** EXERCISE DIRECTIONS **
Your answer should be the lines below from the one holding "从年少时的摇滚青年,到影视之" through the one holding "The M-Audio AIR | Hub is", copied exactly and with nothing else.

** DATA SECTION **
- Opening Delimiter -

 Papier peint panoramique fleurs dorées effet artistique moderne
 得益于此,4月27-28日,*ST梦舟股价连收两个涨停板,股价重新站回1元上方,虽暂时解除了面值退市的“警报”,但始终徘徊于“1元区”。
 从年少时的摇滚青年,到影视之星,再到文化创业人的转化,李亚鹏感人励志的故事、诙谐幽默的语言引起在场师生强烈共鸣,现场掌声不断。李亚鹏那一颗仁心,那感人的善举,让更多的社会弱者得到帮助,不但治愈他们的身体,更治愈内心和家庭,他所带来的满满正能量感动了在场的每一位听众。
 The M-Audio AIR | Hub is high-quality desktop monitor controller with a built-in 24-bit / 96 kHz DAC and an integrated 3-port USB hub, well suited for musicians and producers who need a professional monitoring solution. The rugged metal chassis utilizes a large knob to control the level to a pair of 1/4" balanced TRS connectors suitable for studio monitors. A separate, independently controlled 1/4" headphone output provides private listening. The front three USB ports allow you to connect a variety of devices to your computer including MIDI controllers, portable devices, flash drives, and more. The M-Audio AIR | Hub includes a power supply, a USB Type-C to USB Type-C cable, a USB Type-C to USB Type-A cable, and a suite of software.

- Closing Delimiter -
- Opening Delimiter -

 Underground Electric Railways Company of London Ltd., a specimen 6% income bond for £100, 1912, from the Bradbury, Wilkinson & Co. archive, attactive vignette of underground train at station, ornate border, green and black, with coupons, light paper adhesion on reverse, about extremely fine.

- Closing Delimiter -
- Opening Delimiter -

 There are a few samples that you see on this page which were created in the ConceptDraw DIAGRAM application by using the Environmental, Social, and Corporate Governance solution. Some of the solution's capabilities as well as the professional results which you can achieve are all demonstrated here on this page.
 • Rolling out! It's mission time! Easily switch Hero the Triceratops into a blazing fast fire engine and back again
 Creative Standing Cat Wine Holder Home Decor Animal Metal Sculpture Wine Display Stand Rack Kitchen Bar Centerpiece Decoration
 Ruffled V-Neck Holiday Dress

- Closing Delimiter -

** THE ANSWER **
 从年少时的摇滚青年,到影视之星,再到文化创业人的转化,李亚鹏感人励志的故事、诙谐幽默的语言引起在场师生强烈共鸣,现场掌声不断。李亚鹏那一颗仁心,那感人的善举,让更多的社会弱者得到帮助,不但治愈他们的身体,更治愈内心和家庭,他所带来的满满正能量感动了在场的每一位听众。
 The M-Audio AIR | Hub is high-quality desktop monitor controller with a built-in 24-bit / 96 kHz DAC and an integrated 3-port USB hub, well suited for musicians and producers who need a professional monitoring solution. The rugged metal chassis utilizes a large knob to control the level to a pair of 1/4" balanced TRS connectors suitable for studio monitors. A separate, independently controlled 1/4" headphone output provides private listening. The front three USB ports allow you to connect a variety of devices to your computer including MIDI controllers, portable devices, flash drives, and more. The M-Audio AIR | Hub includes a power supply, a USB Type-C to USB Type-C cable, a USB Type-C to USB Type-A cable, and a suite of software.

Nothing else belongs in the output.